Re: The SA Mess

From: Russell Stevens (rustyprogrammer_at_online.nospam)
Date: 03/18/05


Date: Thu, 17 Mar 2005 20:01:07 -0500

Mike,

<<If the DB password is hard coded in your application, any 1/2 geek with 3
minutes of access to the .EXE will figure out the password.>>

The password and user id is encrypted, stored in a config file. The windows
app reads it then must decrypt it to create a connection string. A hacker
with access to the machine could get it with a debugger but then, he has the
machine anyway <g>. The app is obfuscated. The hacker can't get it going
down the wire, he can't get it out of the config file, and it would be
pretty difficult to get out of machine memory - he would have to find where
it is decrypted - doable but I think it will take more than 3 minutes....
But that also applies to any password whether it is the one you are
connecting to a firewall with, connecting to a web server with, etc. (I read
today that Microsoft is getting away from passwords in the next OS).

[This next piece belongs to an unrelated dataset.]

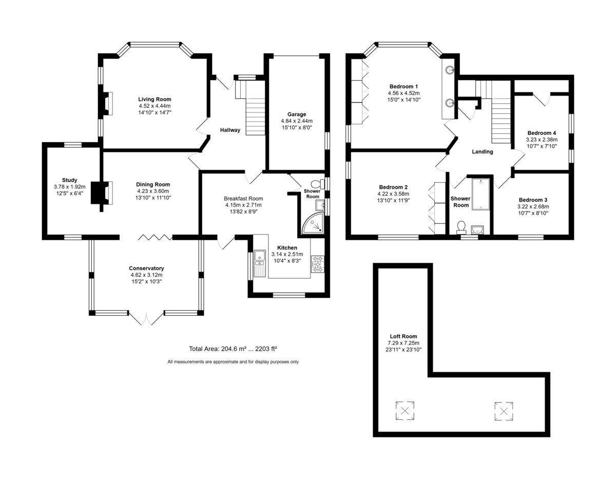 LOFT SPACE 23' 11" decreasing to 7'5" x 23' 10" decreasing to 7'8" (7.29m x 7.26m) L shaped, measurements taken from approximately 3'5" off floor level with eaves to front and side, maximum central ceiling height 7'1", fully boarded and carpeted, accessed via hatch and extendable ladder from landing, two skylight windows to rear aspect with blinds, access to further loft storage space.

<< look at a middle tier, and use something like HTTPS and web services to
supply functionality to your application.>>

SSL is used for sensitive stuff. Another layer (web service) is getting
pretty deep - ie - a VB6 app talking to an Access db on the local network is
pretty hot. Shift to .NET talking to a SQL db on the local network, and you
have a dog (not due to SQL). Put the db on a remote server and you have a
sick dog. Go through a web service on top of all of that, and you probably
have a dead dog (in addition to having to rewrite your app).

Anyway, maybe we are off topic here - the same problem exists on the LAN
even without the Internet. Why should a hacker on the local network be able
to attempt to sign on as sa (or any other login) 10 million times in a row
trying different passwords. Does anyone think that is a good design <g>?